After a car chase eventually, the lady gets killed and bond tries to escape in his car during this time a very
iconic feature of the 007 Aston martin is showcased that is the passenger release where on press on a
button the passenger flies out of the seat. Bond ends up crashing his car into a wall and is then taken by
Goldfinger's men. In the next scene, bond is strapped to a table with an industrial laser which can project
a spot on the moon or cut through solid metal according to Mr Goldfinger. He later demonstrates the laser
cutting through metal as he turns it on on the table on which bond is strapped to while the laser was set to
go from the bottom all the way to bonds head eventually killing bond. Though also in classic James bond
fashion he somehow convinces Goldfinger to keep him alive as he has information about grand slam
which was a scheme seemingly kill the military guards and government personnel by spraying gas over
Fort Knox later bond is tranquilised by Goldfinger's men

TECHNOLOGY CHANGES

Bond's gadgets add to the fantasy element of his story. He's given wild devices that exist just
within the realm of believability, but he still manages to impress audiences with their cool factor.

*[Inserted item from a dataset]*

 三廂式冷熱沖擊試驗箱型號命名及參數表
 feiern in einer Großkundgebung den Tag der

Goldfinger's technology arguably outpowers Bond's: his laser can cut through anything, after all.
So Bond has to pick up the slack with his sheer wit. It's not necessarily the technology that
matters, but how you use it.

Some of Goldfinger's legacy can be attributed to its ambitious filmmaking. Its $3


million budget was the same as his other films Dr. No and From Russia with
Love combined, and the greatly increased budget certainly shows on the screen. The
sets are bigger and more expansive, the action sequences are far more ambitious and
more magnificent, and the camera work is commendable.

film related techniques


i) Establishing shot
A shot, often a long shot, usually placed at the beginning of a scene to establish the general location of
the specific action to follow. This shot is also known as an Extreme Long Shot.

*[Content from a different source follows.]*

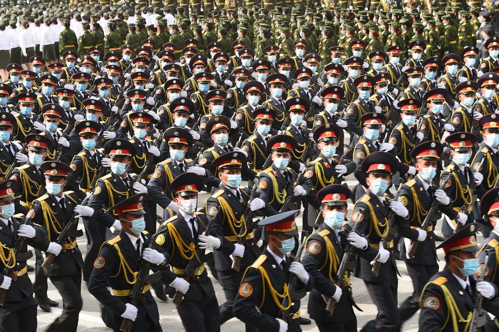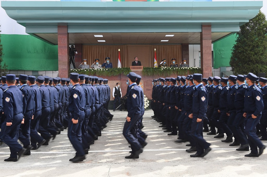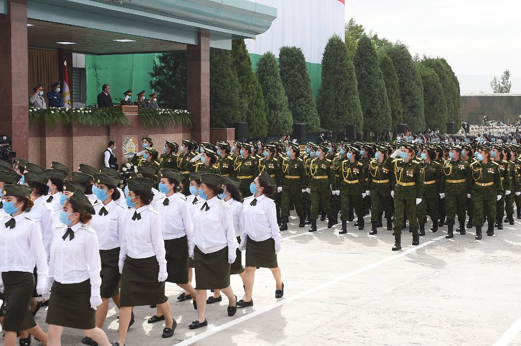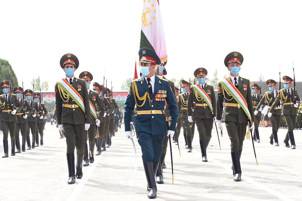 Затем парадные расчеты военного лицея Таджикистана, Минобороны, Генштаба Вооруженных сил страны, пограничники, ГКНБ, МВД, КЧС и других силовых структур прошли перед президентом торжественным маршем.

ii) Dollying or Dolly shot


A shot in which the camera moves horizontally either toward or away from its subject, or right or left
in relation to the subject. Traditionally dolly shots are filmed from a camera dolly but the same motion
may also be performed with a Steadicam, gimbal, etc. A dolly shot is generally described in terms of
"dollying in" or "dollying out". Also known as trucking in and out, or right and left.
iii)  high-angle shot 
is a cinematic technique where the camera looks down on the subject from a high angle and the point of focus
often gets "swallowed up".
High-angle shots can make the subject seem vulnerable or powerless when applied with the correct mood,
setting, and effects. In film, they can make the scene more dramatic. If there is a person at high elevation who
is talking to someone below them, this shot is often used
iv) tracking shot also called following shot
Is any shot where the camera follows backward, forward or moves alongside the subject being recorded.
This technique is often used to follow a subject that would otherwise leave the frame (ergo, it is often
called a following shot), such as an actor or vehicle in motion.

CONCLUSION
Goldfinger's script became a template for subsequent Bond films. It was the first of the series showing
Bond relying heavily on technology, Goldfinger has been described as perhaps "the most highly and
consistently praised Bond picture of them all “and after Goldfinger, Bond "became a true phenomenon. it
has been said that Goldfinger was the cause of the boom in espionage films in the 1960s.